Take the data below and copy exactly the lines starting at the one with "กรอบรูปสีดำด้านขอบทอง ภาพพิมพ์ สไตล์สีน้ำมัน" and finishing at the one with "Далее нужно открыть", both included.

**Data provided:**
************

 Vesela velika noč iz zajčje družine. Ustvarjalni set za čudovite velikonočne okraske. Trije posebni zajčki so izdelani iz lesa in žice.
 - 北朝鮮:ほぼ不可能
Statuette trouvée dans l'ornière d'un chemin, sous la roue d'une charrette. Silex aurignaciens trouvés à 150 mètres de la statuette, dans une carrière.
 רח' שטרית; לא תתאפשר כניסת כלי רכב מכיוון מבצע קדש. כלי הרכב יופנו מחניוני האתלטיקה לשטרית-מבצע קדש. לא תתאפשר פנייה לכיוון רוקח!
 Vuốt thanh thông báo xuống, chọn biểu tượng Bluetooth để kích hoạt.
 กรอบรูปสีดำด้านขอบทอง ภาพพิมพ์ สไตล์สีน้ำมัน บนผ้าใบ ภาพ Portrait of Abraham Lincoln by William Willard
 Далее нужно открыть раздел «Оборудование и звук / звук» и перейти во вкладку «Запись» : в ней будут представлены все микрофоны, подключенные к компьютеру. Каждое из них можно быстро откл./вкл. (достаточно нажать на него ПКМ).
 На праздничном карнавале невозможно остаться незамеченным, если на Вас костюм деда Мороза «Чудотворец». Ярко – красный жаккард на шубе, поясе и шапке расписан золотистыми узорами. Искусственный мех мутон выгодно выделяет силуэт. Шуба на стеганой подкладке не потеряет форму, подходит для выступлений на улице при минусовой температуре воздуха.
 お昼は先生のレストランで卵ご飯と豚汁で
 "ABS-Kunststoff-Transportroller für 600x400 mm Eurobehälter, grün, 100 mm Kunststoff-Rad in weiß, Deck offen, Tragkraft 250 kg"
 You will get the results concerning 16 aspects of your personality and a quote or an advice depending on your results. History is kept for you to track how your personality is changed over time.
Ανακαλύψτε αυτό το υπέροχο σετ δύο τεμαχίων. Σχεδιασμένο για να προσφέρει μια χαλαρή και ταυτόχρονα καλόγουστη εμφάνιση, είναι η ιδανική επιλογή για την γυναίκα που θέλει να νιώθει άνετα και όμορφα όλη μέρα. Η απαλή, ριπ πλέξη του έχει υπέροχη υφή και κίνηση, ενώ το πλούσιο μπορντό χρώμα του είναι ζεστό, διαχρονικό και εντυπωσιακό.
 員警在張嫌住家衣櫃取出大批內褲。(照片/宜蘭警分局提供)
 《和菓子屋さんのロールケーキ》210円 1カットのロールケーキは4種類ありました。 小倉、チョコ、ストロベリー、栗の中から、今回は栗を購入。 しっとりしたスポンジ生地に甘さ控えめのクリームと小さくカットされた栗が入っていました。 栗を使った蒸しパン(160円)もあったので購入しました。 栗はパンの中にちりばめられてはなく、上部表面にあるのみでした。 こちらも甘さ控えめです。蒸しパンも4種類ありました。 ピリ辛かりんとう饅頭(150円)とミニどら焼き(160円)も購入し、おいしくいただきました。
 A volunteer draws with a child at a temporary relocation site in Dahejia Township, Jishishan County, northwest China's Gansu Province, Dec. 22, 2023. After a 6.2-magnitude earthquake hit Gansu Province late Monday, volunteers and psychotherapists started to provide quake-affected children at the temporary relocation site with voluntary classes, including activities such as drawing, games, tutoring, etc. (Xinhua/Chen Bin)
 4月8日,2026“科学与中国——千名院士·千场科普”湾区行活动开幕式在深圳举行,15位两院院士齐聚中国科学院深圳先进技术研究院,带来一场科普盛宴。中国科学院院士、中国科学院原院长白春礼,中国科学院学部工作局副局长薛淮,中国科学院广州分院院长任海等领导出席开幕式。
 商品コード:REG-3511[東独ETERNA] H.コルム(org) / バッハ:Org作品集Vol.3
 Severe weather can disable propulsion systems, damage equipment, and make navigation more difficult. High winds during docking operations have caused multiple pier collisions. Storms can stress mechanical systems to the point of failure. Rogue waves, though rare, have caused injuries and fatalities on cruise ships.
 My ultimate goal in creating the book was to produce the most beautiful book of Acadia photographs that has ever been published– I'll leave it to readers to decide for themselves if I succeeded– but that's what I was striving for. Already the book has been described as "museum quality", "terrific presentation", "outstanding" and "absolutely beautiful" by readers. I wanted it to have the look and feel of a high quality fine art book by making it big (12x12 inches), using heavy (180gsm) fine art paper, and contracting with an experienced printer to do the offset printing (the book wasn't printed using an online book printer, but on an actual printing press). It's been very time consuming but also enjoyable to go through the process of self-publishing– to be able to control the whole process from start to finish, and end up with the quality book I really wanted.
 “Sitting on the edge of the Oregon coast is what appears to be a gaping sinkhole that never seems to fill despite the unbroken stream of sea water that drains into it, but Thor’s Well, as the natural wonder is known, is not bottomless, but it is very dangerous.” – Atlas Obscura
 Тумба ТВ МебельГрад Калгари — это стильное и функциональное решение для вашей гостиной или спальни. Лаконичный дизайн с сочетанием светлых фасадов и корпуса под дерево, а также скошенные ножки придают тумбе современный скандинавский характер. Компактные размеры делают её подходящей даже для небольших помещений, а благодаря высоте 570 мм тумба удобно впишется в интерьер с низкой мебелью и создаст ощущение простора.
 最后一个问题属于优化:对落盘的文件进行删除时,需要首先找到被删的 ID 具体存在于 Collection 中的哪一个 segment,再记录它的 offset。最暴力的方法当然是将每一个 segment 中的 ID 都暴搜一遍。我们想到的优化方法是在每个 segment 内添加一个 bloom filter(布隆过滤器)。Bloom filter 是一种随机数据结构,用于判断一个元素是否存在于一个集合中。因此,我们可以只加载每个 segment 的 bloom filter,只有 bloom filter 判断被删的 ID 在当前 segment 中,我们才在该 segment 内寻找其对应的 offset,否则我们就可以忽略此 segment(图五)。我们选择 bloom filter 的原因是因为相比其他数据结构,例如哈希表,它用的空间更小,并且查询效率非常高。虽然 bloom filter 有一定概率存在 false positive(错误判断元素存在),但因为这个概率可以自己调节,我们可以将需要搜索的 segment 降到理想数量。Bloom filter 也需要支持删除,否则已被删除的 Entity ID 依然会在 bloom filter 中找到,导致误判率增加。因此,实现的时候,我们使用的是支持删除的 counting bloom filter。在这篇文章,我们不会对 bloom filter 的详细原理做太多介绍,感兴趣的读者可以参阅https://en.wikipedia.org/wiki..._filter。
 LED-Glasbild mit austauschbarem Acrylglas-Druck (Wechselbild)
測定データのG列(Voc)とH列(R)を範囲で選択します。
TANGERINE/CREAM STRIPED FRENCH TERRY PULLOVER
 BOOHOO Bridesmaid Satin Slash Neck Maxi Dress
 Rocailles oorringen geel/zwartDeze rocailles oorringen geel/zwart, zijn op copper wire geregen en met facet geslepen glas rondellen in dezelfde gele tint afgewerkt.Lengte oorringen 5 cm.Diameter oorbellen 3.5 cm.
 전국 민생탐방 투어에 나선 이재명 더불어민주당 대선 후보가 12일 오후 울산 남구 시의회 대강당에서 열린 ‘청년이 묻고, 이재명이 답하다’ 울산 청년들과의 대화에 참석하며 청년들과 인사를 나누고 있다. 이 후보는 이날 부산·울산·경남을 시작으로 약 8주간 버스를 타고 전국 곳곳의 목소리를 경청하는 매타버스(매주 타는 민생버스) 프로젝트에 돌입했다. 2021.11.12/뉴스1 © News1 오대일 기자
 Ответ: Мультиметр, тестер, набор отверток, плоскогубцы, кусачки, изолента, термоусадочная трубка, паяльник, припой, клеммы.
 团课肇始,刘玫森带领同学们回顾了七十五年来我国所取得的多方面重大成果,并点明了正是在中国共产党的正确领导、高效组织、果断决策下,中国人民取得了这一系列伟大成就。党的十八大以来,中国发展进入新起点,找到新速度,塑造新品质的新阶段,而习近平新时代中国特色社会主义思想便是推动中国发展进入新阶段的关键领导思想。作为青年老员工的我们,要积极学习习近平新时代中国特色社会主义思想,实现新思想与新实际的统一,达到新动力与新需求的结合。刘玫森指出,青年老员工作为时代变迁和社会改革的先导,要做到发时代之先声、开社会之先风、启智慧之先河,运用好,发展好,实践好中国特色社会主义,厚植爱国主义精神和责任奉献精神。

************

**Exercise output:**
 กรอบรูปสีดำด้านขอบทอง ภาพพิมพ์ สไตล์สีน้ำมัน บนผ้าใบ ภาพ Portrait of Abraham Lincoln by William Willard
 Далее нужно открыть раздел «Оборудование и звук / звук» и перейти во вкладку «Запись» : в ней будут представлены все микрофоны, подключенные к компьютеру. Каждое из них можно быстро откл./вкл. (достаточно нажать на него ПКМ).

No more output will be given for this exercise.